• **Task objective**: A faithful copy of all the data is the goal; omit the pictures.
= = = = =
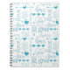Introducing our lovely spiral notebook, the perfect place to jot down all your thoughts and ideas! This notebook features a beautiful design with a white background and light blue and turquoise hearts, along with the words "love" and "love you" in different fonts and going in multiple directions. It's a super cute design that is sure to brighten up your day!
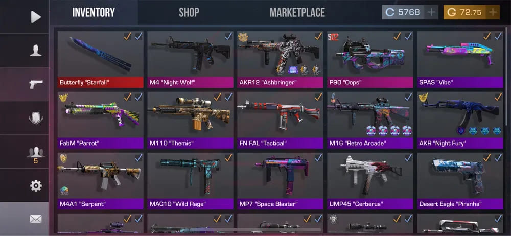 💰Голда: 5.97; 🧤Перчатки: "Stream"; 🔪Ножи: Butterfly "Starfall"; ⭐️Редкие скины: 13
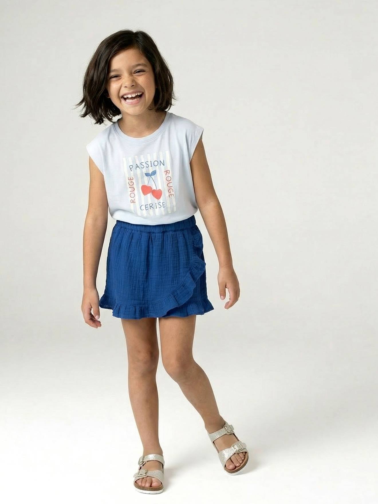 Hosenrock mit Rüschen aus Baumwoll-Musselin, Bundweite verstellbar, Mädchen elektrisch blau Gr. 116 von vertbaudet
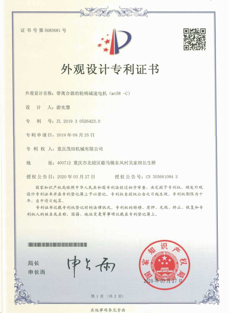 重慶茂田機(jī)械有限公司是國家級小巨人企業(yè)、國家高新技術(shù)企業(yè)、重慶市專精特新企業(yè)、重慶市知識產(chǎn)權(quán)優(yōu)勢企業(yè),致力于現(xiàn)代化山地農(nóng)業(yè)機(jī)械、各類非標(biāo)減速電機(jī)及其控制系統(tǒng)的研發(fā)、生產(chǎn)、銷售。擁有重慶市市級研發(fā)平臺1個 目前研發(fā)、生產(chǎn)、銷售產(chǎn)品廣泛應(yīng)用于農(nóng)業(yè)機(jī)械、醫(yī)療康復(fù)設(shè)備、交通代步工具、智能搬運(yùn)設(shè)備、以及機(jī)器人動力系統(tǒng)等領(lǐng)域。我們的產(chǎn)品具有完整的自主知識產(chǎn)權(quán),擁有多項專利技術(shù)及“重慶
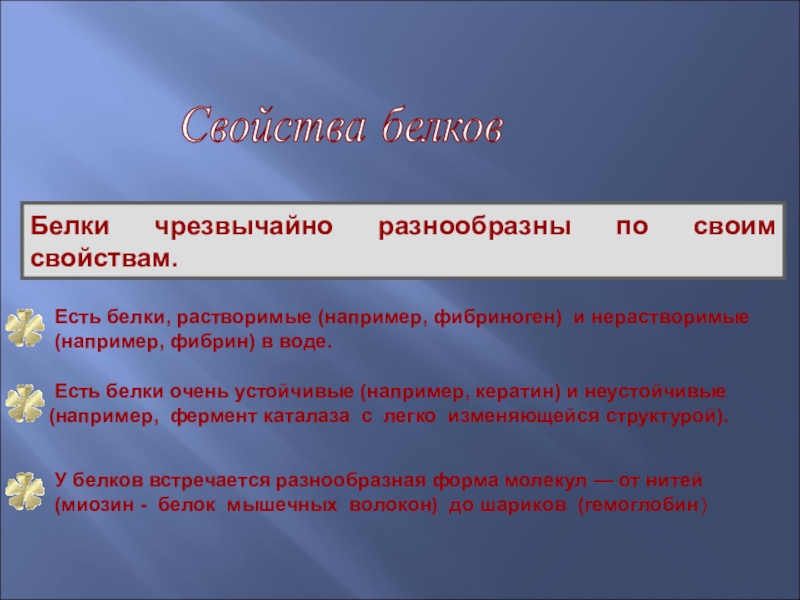 У белков встречается разнообразная форма молекул — от нитей (миозин - белок мышечных волокон) до шариков (гемоглобин)
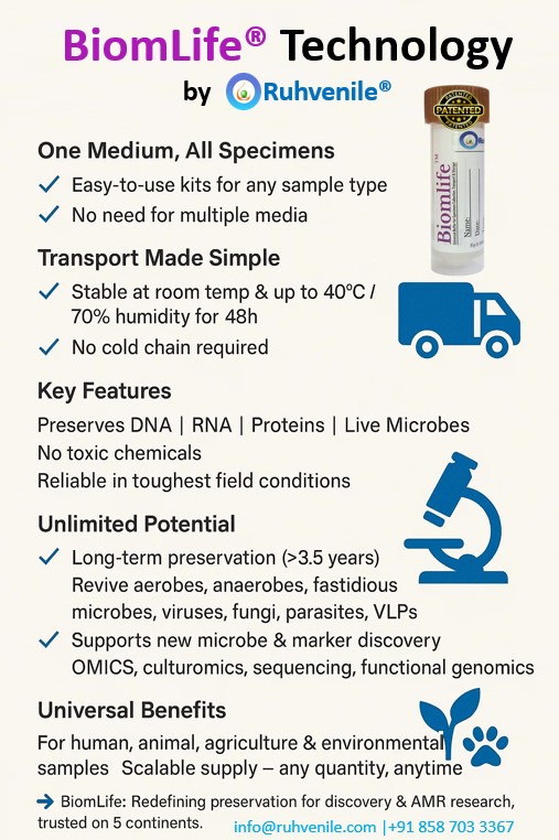 The Future of Sample Integrity: Next-Generation Sample Transport & Preservation Solutions Learn More Our DEEP-TECH products: Innovating Beyond Life SciencesBiomLife® | truGnom® | UroStabl™ | Cokisol® Our Innovative Patented Solutions, Trusted Worldwide BiomLife® truGnom® UroStabl™
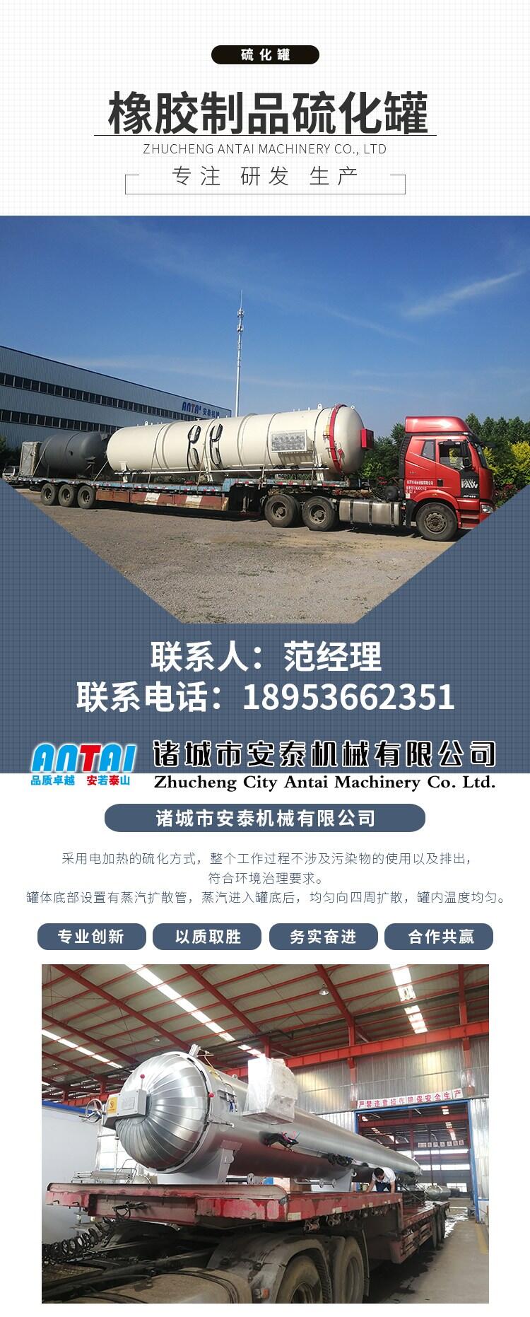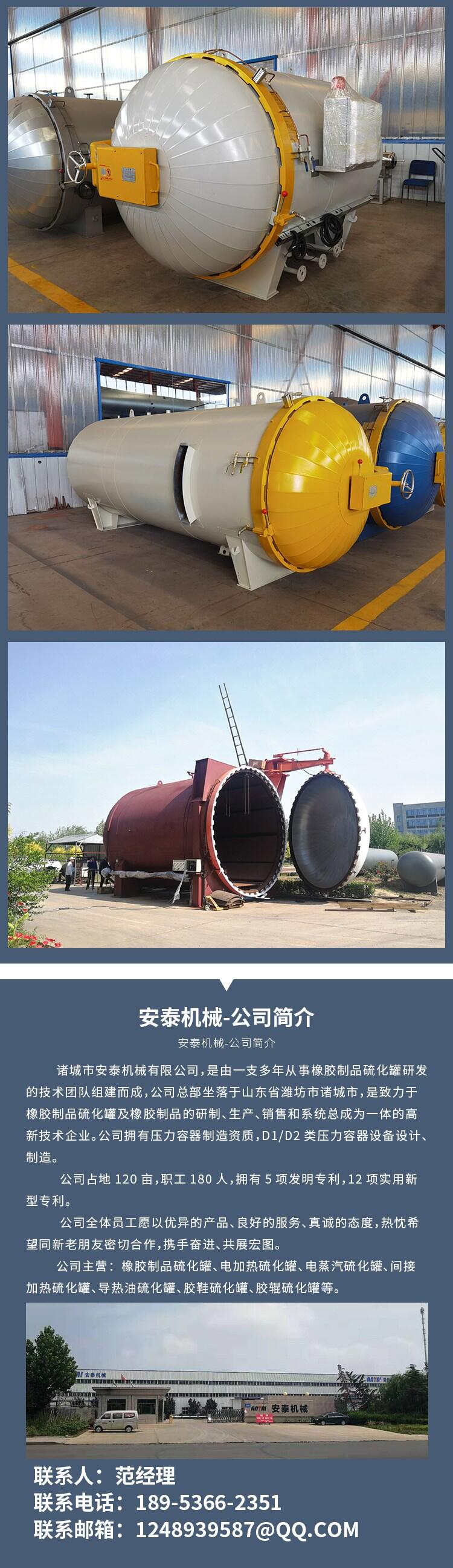 三、橡胶制品硫化罐生产厂家——诸城市安泰机械有限公司公司成立于2008年,拥有压力容器生产资质,是众多科研院所的合作厂家,安泰机械致力于橡胶硫化罐的研发生产,主营:电蒸汽硫化罐、直接蒸汽硫化罐、间接蒸汽硫化罐、导热油硫化罐、电加热硫化罐、半自动硫化罐、全自动硫化罐、胶鞋硫化罐、胶辊硫化罐、电缆硫化罐、胶管硫化罐、立式硫化罐等。公司拥有一支的售后团队,多名经过厂家认定资格的维修工程师,根据设备实际使用情况,安排售后人员负责整个设备,为设备提供更科学的使用方法。
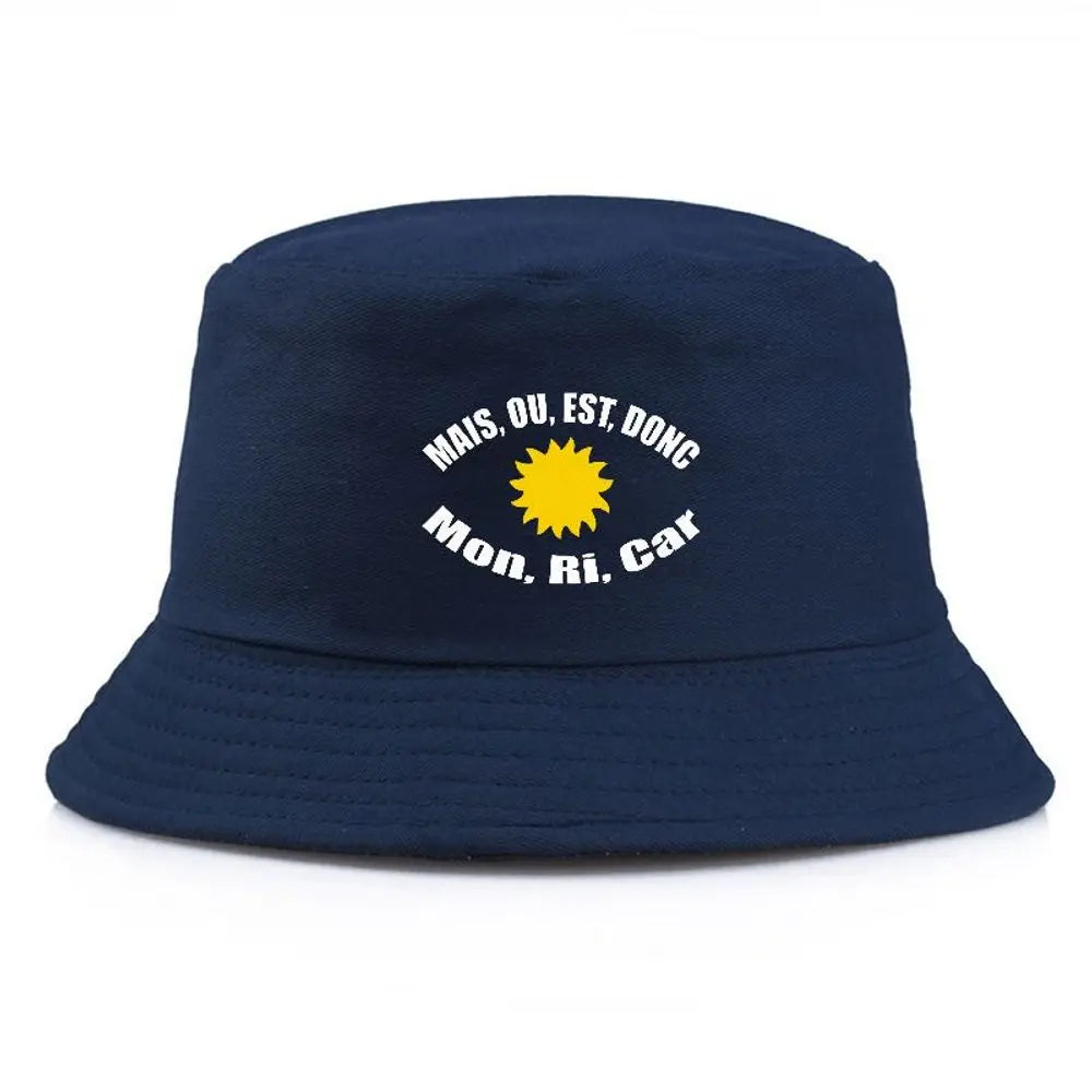 Black Bucket Hat With Sun Embroidered Summer Fisherman Cap For Men Women
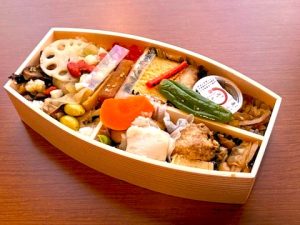 今回購入した香取弁当、「原材料の時点から保存料を使わない一から職人手づくりのお弁当です」ということで、色々なおかずが詰まっている。
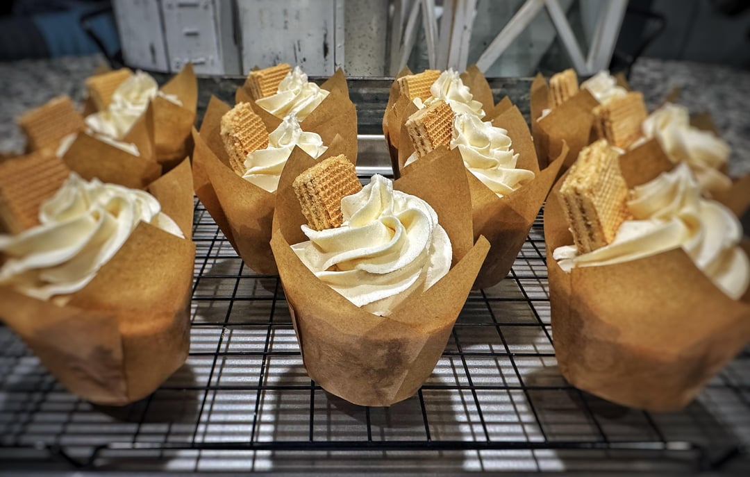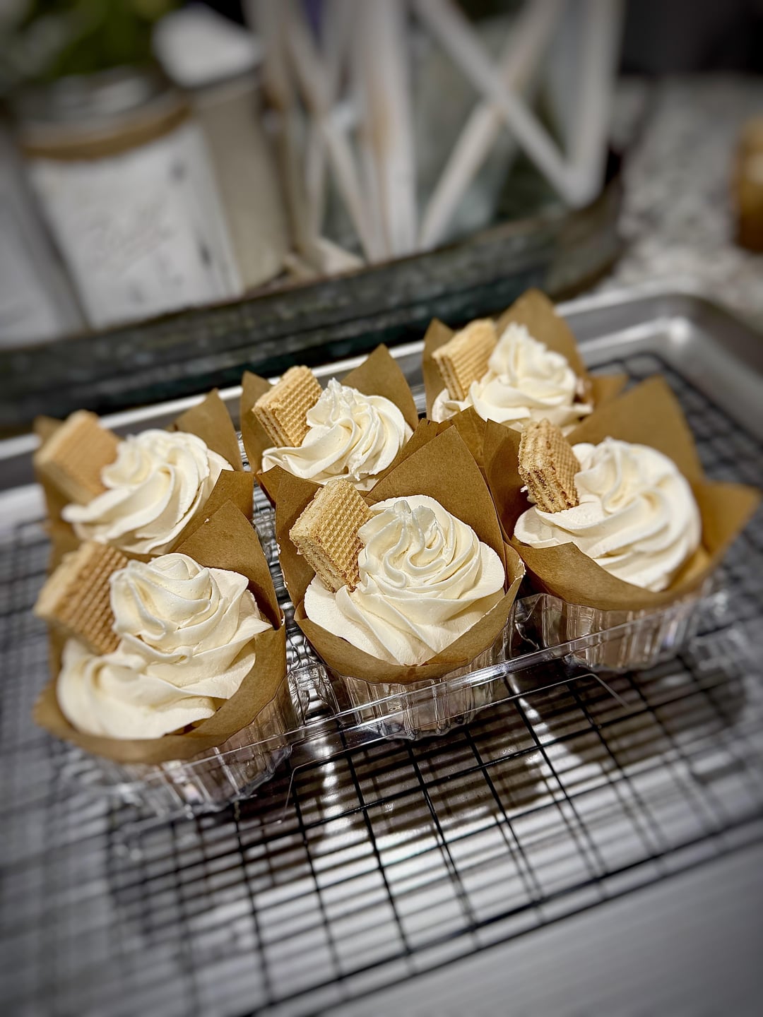 I just started a small scratch cottage bakery and this was my first order! Customer wanted a half dozen vanilla on vanilla. Simple and clean. Vanilla wafer for a little edible garnish! Nothing crazy, but sometimes
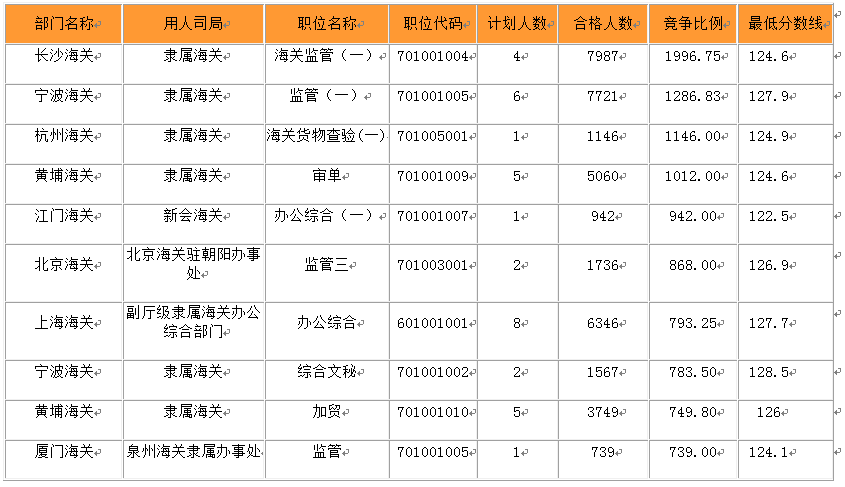 2014国家公务员考试海关竞争比例前十职位及分数线
= = = = =
• **Completed exercise**:
Introducing our lovely spiral notebook, the perfect place to jot down all your thoughts and ideas! This notebook features a beautiful design with a white background and light blue and turquoise hearts, along with the words "love" and "love you" in different fonts and going in multiple directions. It's a super cute design that is sure to brighten up your day!
 💰Голда: 5.97; 🧤Перчатки: "Stream"; 🔪Ножи: Butterfly "Starfall"; ⭐️Редкие скины: 13
 Hosenrock mit Rüschen aus Baumwoll-Musselin, Bundweite verstellbar, Mädchen elektrisch blau Gr. 116 von vertbaudet
 重慶茂田機(jī)械有限公司是國家級小巨人企業(yè)、國家高新技術(shù)企業(yè)、重慶市專精特新企業(yè)、重慶市知識產(chǎn)權(quán)優(yōu)勢企業(yè),致力于現(xiàn)代化山地農(nóng)業(yè)機(jī)械、各類非標(biāo)減速電機(jī)及其控制系統(tǒng)的研發(fā)、生產(chǎn)、銷售。擁有重慶市市級研發(fā)平臺1個 目前研發(fā)、生產(chǎn)、銷售產(chǎn)品廣泛應(yīng)用于農(nóng)業(yè)機(jī)械、醫(yī)療康復(fù)設(shè)備、交通代步工具、智能搬運(yùn)設(shè)備、以及機(jī)器人動力系統(tǒng)等領(lǐng)域。我們的產(chǎn)品具有完整的自主知識產(chǎn)權(quán),擁有多項專利技術(shù)及“重慶
 У белков встречается разнообразная форма молекул — от нитей (миозин - белок мышечных волокон) до шариков (гемоглобин)
 The Future of Sample Integrity: Next-Generation Sample Transport & Preservation Solutions Learn More Our DEEP-TECH products: Innovating Beyond Life SciencesBiomLife® | truGnom® | UroStabl™ | Cokisol® Our Innovative Patented Solutions, Trusted Worldwide BiomLife® truGnom® UroStabl™
 三、橡胶制品硫化罐生产厂家——诸城市安泰机械有限公司公司成立于2008年,拥有压力容器生产资质,是众多科研院所的合作厂家,安泰机械致力于橡胶硫化罐的研发生产,主营:电蒸汽硫化罐、直接蒸汽硫化罐、间接蒸汽硫化罐、导热油硫化罐、电加热硫化罐、半自动硫化罐、全自动硫化罐、胶鞋硫化罐、胶辊硫化罐、电缆硫化罐、胶管硫化罐、立式硫化罐等。公司拥有一支的售后团队,多名经过厂家认定资格的维修工程师,根据设备实际使用情况,安排售后人员负责整个设备,为设备提供更科学的使用方法。
 Black Bucket Hat With Sun Embroidered Summer Fisherman Cap For Men Women
 今回購入した香取弁当、「原材料の時点から保存料を使わない一から職人手づくりのお弁当です」ということで、色々なおかずが詰まっている。
 I just started a small scratch cottage bakery and this was my first order! Customer wanted a half dozen vanilla on vanilla. Simple and clean. Vanilla wafer for a little edible garnish! Nothing crazy, but sometimes
 2014国家公务员考试海关竞争比例前十职位及分数线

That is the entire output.